STORED DATA>
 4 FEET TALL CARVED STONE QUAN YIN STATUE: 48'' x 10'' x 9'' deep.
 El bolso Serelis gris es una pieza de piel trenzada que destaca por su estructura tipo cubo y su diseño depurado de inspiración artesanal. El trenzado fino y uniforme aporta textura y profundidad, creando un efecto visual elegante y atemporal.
==
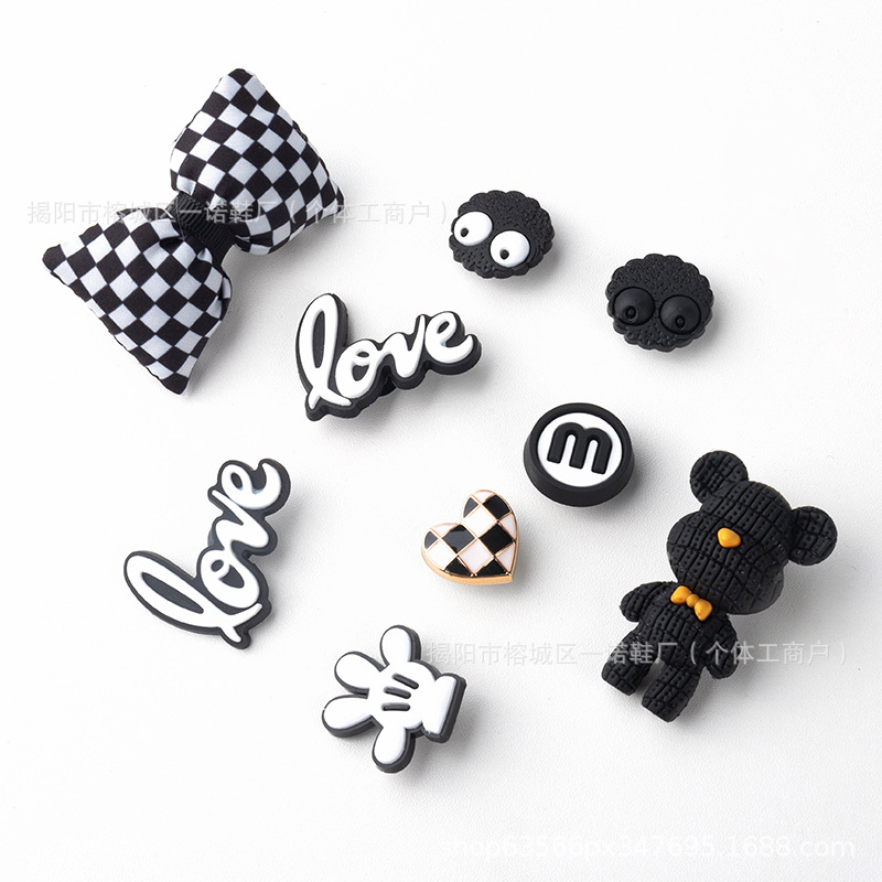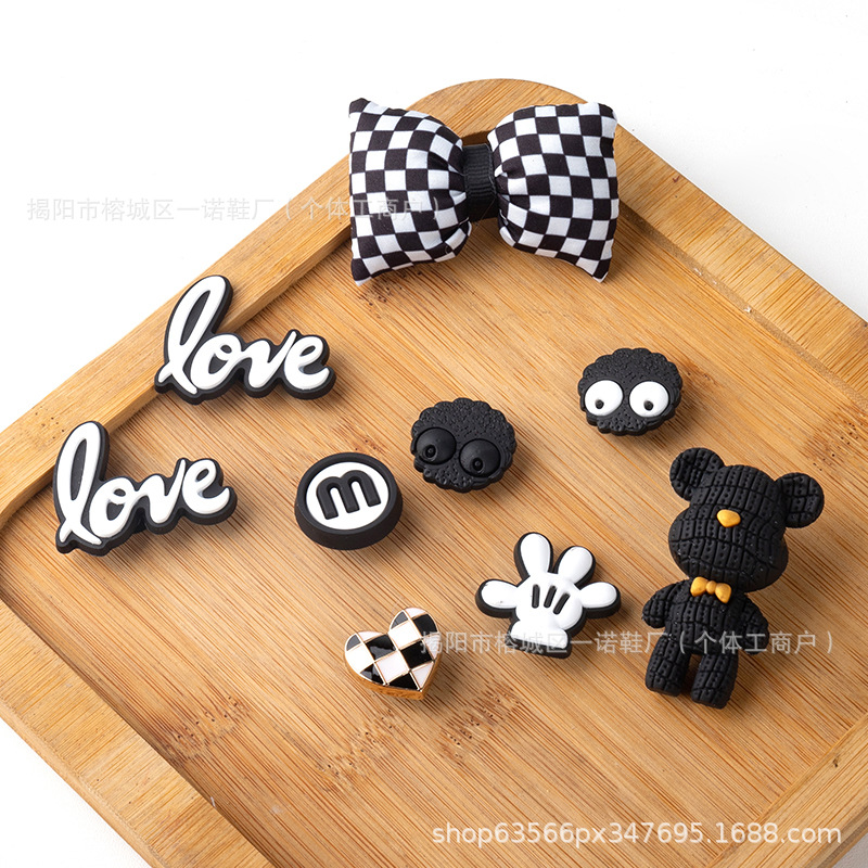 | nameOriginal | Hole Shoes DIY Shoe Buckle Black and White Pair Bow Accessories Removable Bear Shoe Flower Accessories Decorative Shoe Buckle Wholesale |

WORK REQUIRED> From the listing above, the lines starting with the one that has "4 FEET TALL" and running through the one that has "El bolso Serelis" should be copied exactly, ends included.

OUTPUT FOR THIS EXERCISE>
 4 FEET TALL CARVED STONE QUAN YIN STATUE: 48'' x 10'' x 9'' deep.
 El bolso Serelis gris es una pieza de piel trenzada que destaca por su estructura tipo cubo y su diseño depurado de inspiración artesanal. El trenzado fino y uniforme aporta textura y profundidad, creando un efecto visual elegante y atemporal.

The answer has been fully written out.